--- Source data Enclosed Below ---
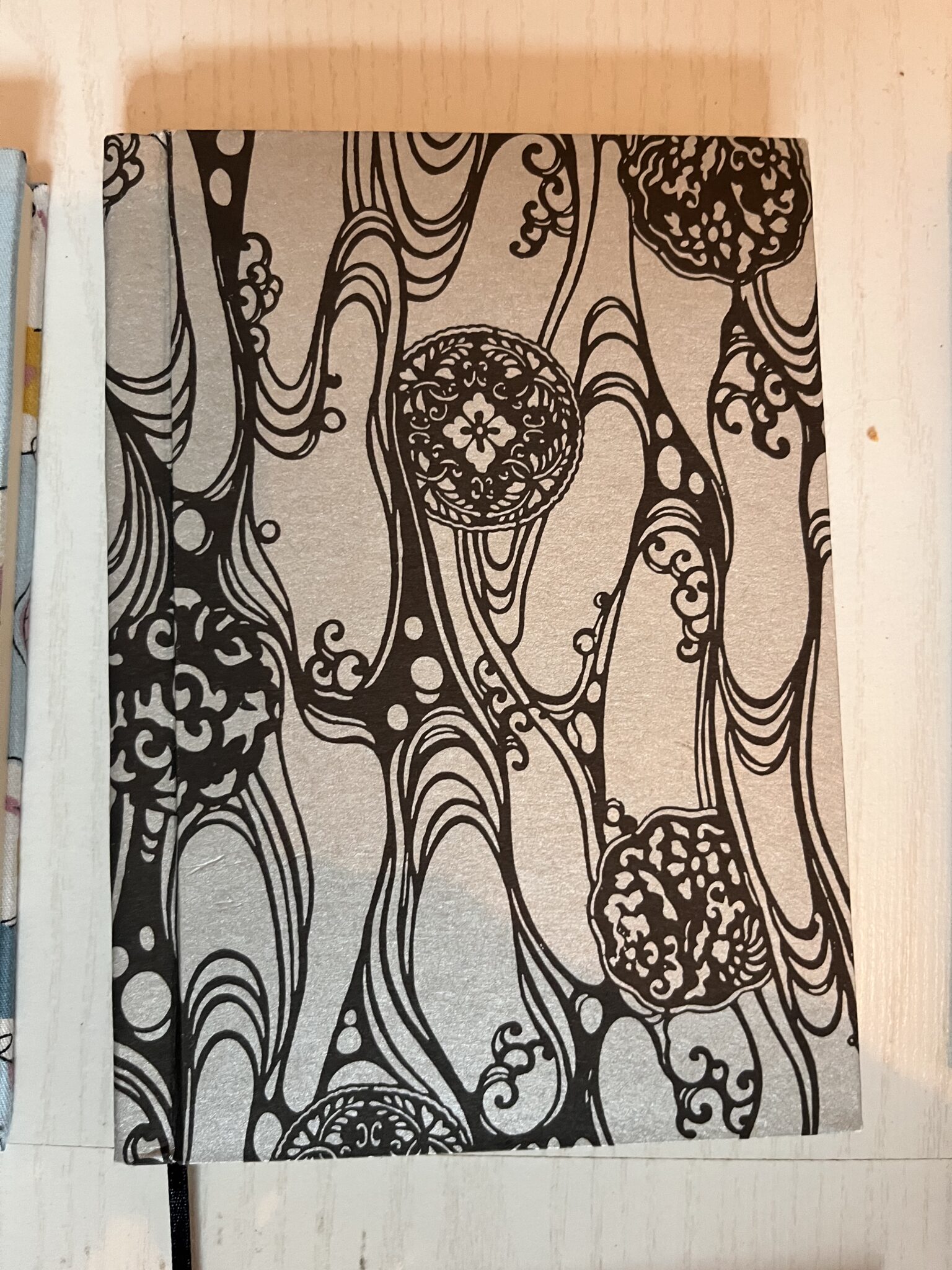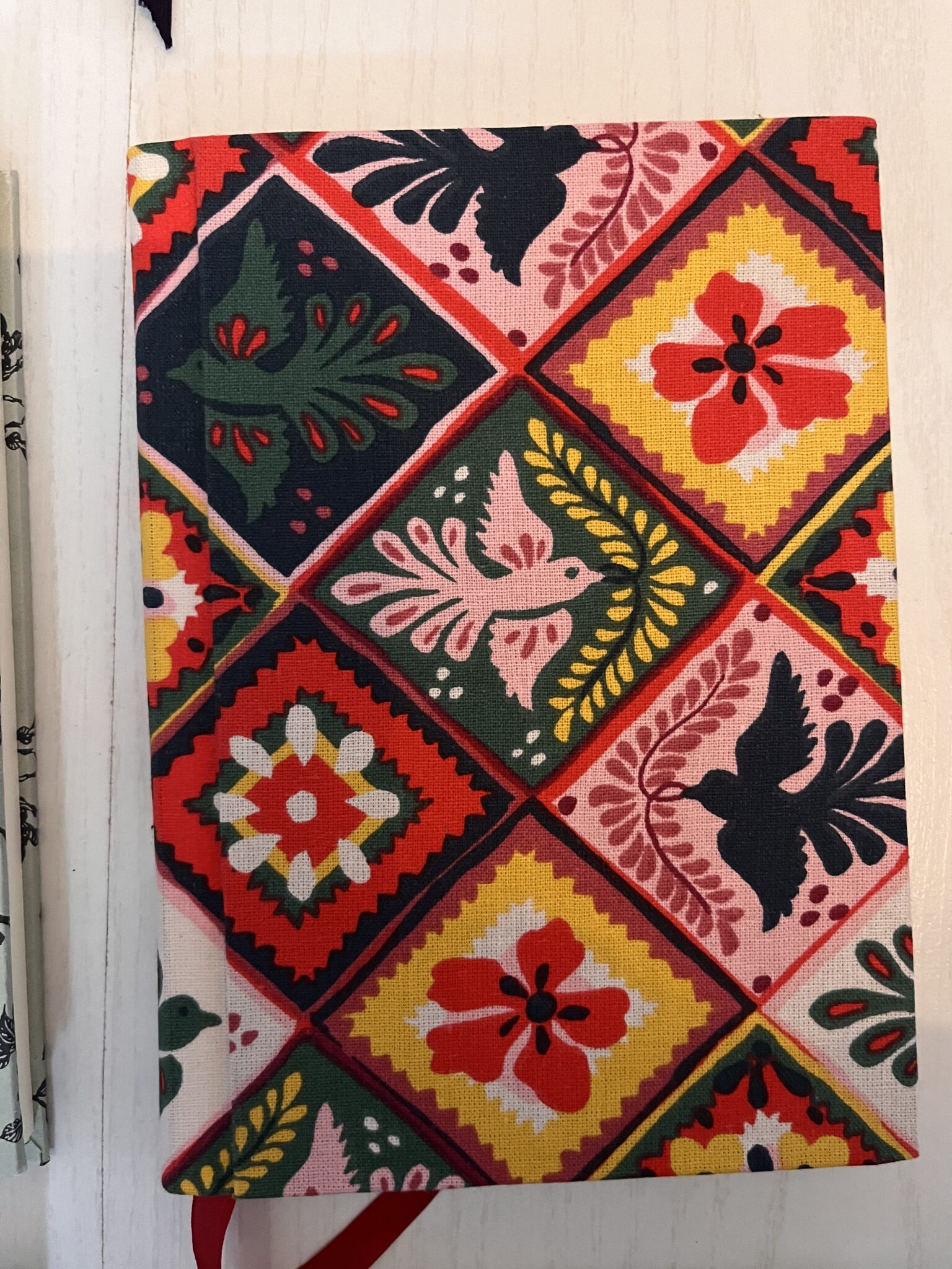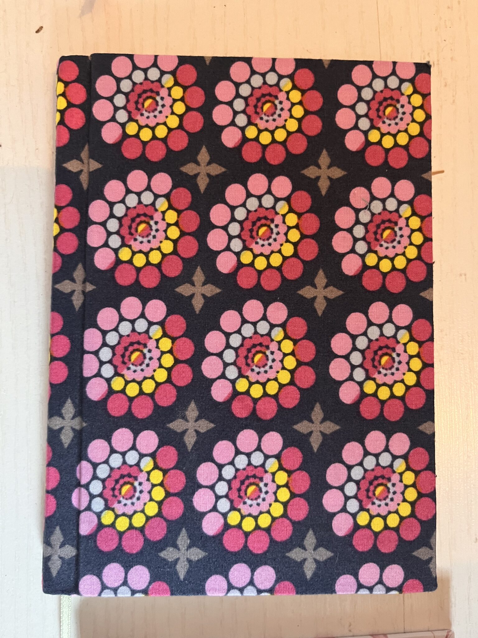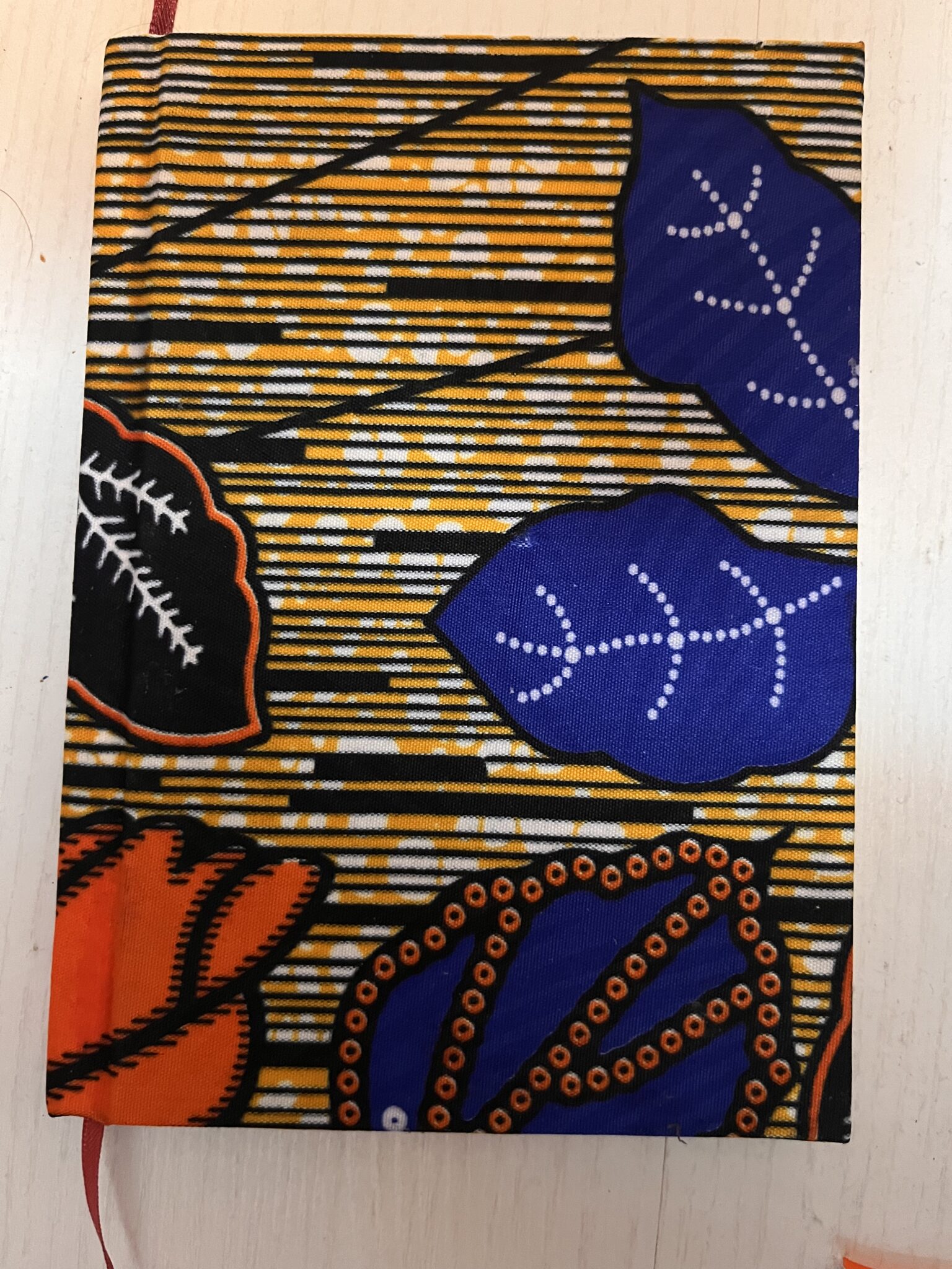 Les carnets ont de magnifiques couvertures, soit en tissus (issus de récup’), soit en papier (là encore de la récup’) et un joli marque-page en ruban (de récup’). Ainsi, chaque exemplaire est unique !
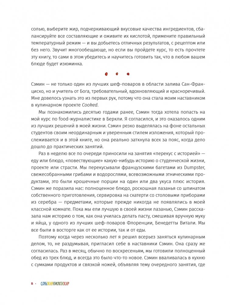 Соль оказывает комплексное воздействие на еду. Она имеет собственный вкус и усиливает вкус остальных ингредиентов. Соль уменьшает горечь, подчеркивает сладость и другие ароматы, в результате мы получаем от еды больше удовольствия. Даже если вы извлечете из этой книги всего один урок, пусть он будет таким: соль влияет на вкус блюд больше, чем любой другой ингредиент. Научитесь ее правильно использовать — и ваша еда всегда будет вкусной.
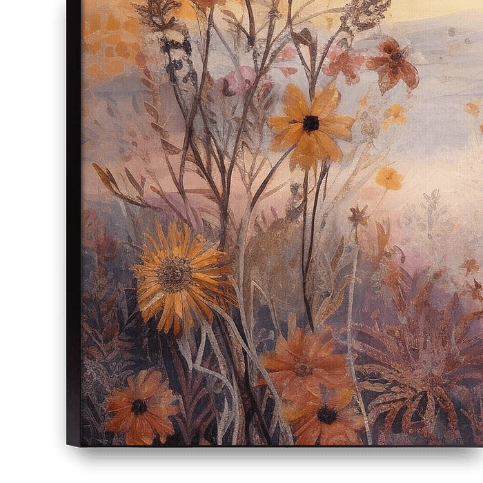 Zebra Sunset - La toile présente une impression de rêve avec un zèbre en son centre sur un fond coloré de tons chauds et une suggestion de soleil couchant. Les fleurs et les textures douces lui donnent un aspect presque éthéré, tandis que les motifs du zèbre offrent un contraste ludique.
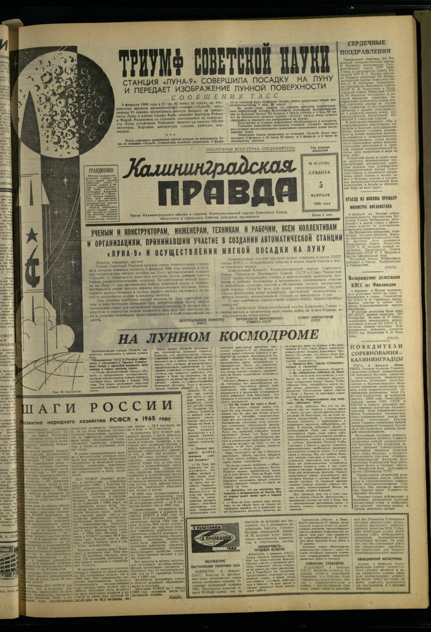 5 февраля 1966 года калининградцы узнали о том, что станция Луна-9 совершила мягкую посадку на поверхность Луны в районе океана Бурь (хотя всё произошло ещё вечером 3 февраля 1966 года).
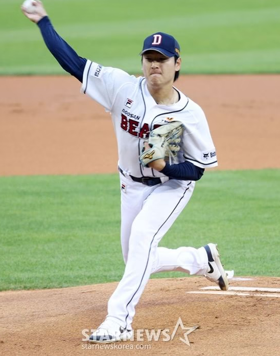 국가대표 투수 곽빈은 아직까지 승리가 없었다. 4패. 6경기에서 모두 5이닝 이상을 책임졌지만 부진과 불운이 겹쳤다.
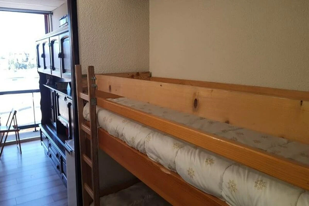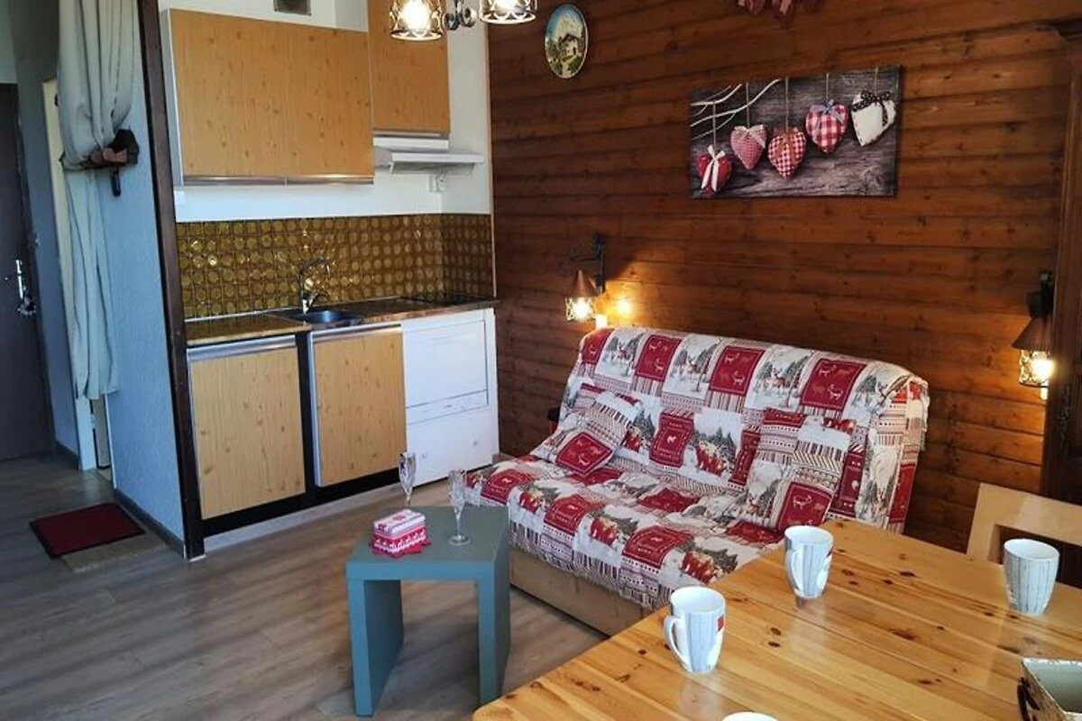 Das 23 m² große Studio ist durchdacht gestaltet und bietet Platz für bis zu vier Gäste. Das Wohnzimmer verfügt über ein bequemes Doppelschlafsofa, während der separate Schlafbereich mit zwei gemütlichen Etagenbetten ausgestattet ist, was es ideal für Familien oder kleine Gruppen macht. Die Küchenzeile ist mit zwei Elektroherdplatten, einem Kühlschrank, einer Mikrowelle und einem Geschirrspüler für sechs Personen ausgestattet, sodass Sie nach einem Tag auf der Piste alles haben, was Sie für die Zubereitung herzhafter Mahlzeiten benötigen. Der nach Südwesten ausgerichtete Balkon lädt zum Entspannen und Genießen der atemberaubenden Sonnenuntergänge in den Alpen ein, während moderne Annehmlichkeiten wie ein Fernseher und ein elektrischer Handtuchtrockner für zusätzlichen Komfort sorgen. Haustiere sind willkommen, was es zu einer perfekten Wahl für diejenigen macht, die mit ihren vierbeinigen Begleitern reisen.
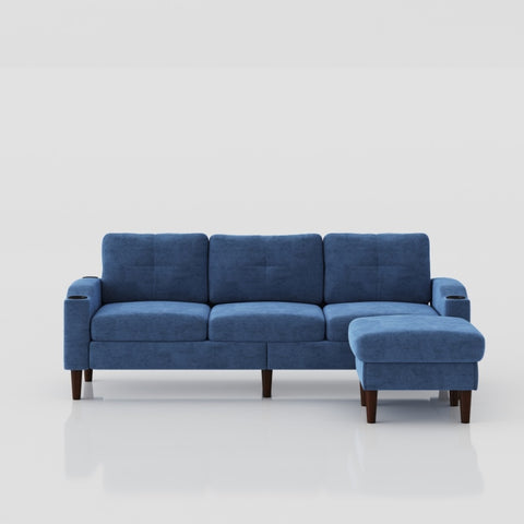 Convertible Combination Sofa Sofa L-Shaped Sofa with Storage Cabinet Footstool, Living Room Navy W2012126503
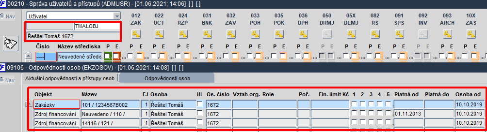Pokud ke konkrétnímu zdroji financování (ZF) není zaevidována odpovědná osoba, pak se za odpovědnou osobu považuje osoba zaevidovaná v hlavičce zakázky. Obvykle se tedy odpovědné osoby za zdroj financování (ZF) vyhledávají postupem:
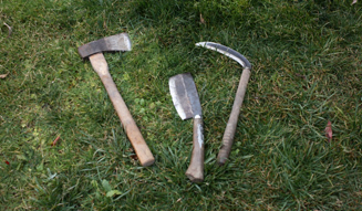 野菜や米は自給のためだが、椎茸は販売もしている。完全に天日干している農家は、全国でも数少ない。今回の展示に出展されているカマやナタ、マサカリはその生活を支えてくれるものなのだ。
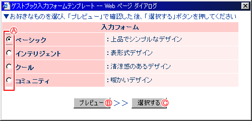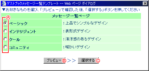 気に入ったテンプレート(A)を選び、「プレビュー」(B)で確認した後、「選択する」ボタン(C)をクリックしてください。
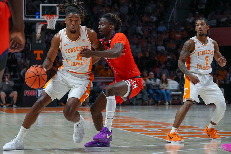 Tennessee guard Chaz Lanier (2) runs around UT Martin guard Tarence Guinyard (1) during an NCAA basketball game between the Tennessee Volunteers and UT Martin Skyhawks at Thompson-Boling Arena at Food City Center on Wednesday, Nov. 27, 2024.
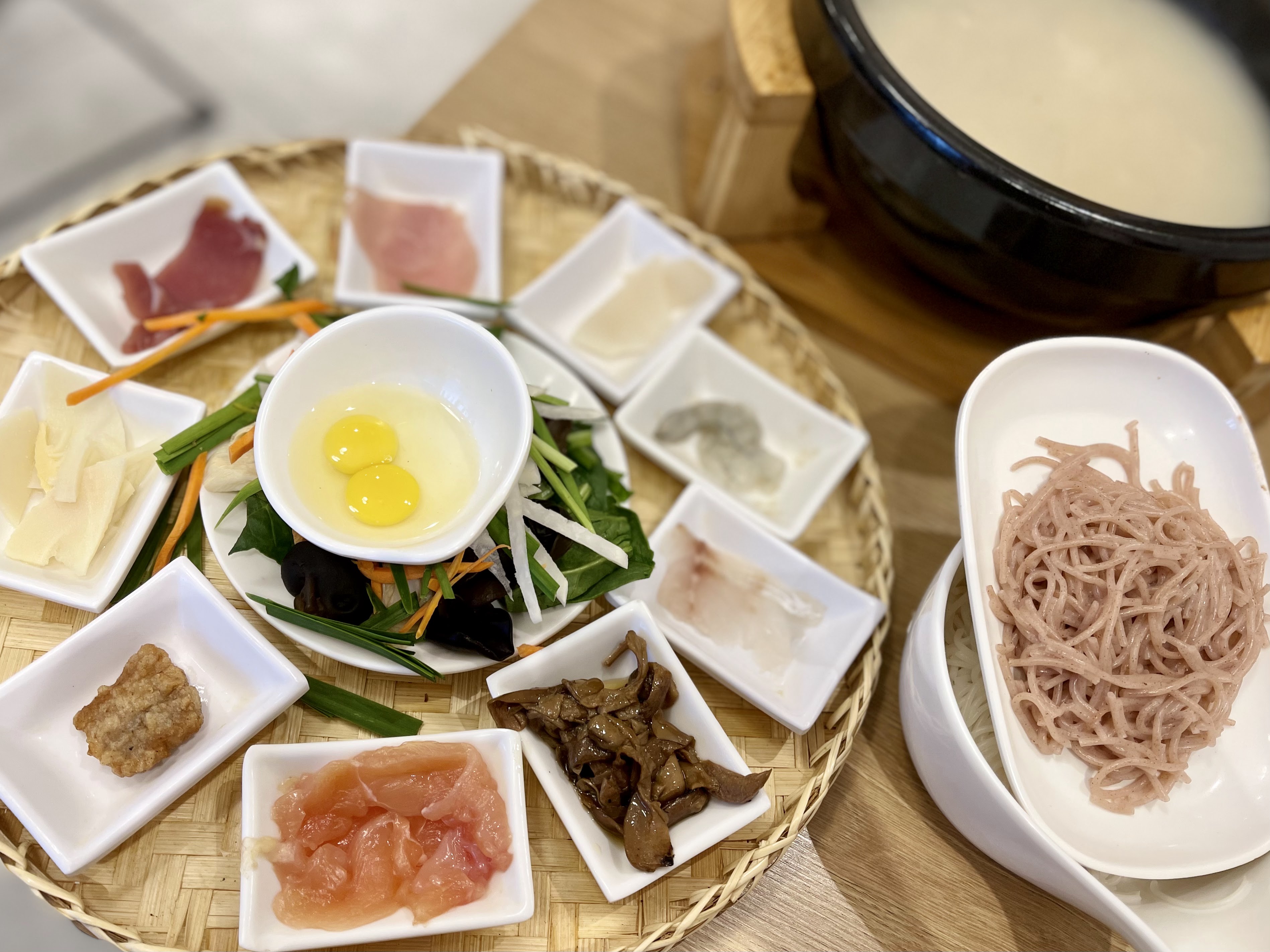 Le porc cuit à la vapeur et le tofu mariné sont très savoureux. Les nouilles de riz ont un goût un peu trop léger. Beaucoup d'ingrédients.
--- End of Enclosed Source data ---
• _Goal of the exercise_: All that is needed is an exact copy of the lines from the line with "국가대표 투수 곽빈은" through the end of the listing, both ends included, with no pictures.

• _The answer_:
 국가대표 투수 곽빈은 아직까지 승리가 없었다. 4패. 6경기에서 모두 5이닝 이상을 책임졌지만 부진과 불운이 겹쳤다.
 Das 23 m² große Studio ist durchdacht gestaltet und bietet Platz für bis zu vier Gäste. Das Wohnzimmer verfügt über ein bequemes Doppelschlafsofa, während der separate Schlafbereich mit zwei gemütlichen Etagenbetten ausgestattet ist, was es ideal für Familien oder kleine Gruppen macht. Die Küchenzeile ist mit zwei Elektroherdplatten, einem Kühlschrank, einer Mikrowelle und einem Geschirrspüler für sechs Personen ausgestattet, sodass Sie nach einem Tag auf der Piste alles haben, was Sie für die Zubereitung herzhafter Mahlzeiten benötigen. Der nach Südwesten ausgerichtete Balkon lädt zum Entspannen und Genießen der atemberaubenden Sonnenuntergänge in den Alpen ein, während moderne Annehmlichkeiten wie ein Fernseher und ein elektrischer Handtuchtrockner für zusätzlichen Komfort sorgen. Haustiere sind willkommen, was es zu einer perfekten Wahl für diejenigen macht, die mit ihren vierbeinigen Begleitern reisen.
 Convertible Combination Sofa Sofa L-Shaped Sofa with Storage Cabinet Footstool, Living Room Navy W2012126503
Pokud ke konkrétnímu zdroji financování (ZF) není zaevidována odpovědná osoba, pak se za odpovědnou osobu považuje osoba zaevidovaná v hlavičce zakázky. Obvykle se tedy odpovědné osoby za zdroj financování (ZF) vyhledávají postupem:
 野菜や米は自給のためだが、椎茸は販売もしている。完全に天日干している農家は、全国でも数少ない。今回の展示に出展されているカマやナタ、マサカリはその生活を支えてくれるものなのだ。
 気に入ったテンプレート(A)を選び、「プレビュー」(B)で確認した後、「選択する」ボタン(C)をクリックしてください。
 Tennessee guard Chaz Lanier (2) runs around UT Martin guard Tarence Guinyard (1) during an NCAA basketball game between the Tennessee Volunteers and UT Martin Skyhawks at Thompson-Boling Arena at Food City Center on Wednesday, Nov. 27, 2024.
 Le porc cuit à la vapeur et le tofu mariné sont très savoureux. Les nouilles de riz ont un goût un peu trop léger. Beaucoup d'ingrédients.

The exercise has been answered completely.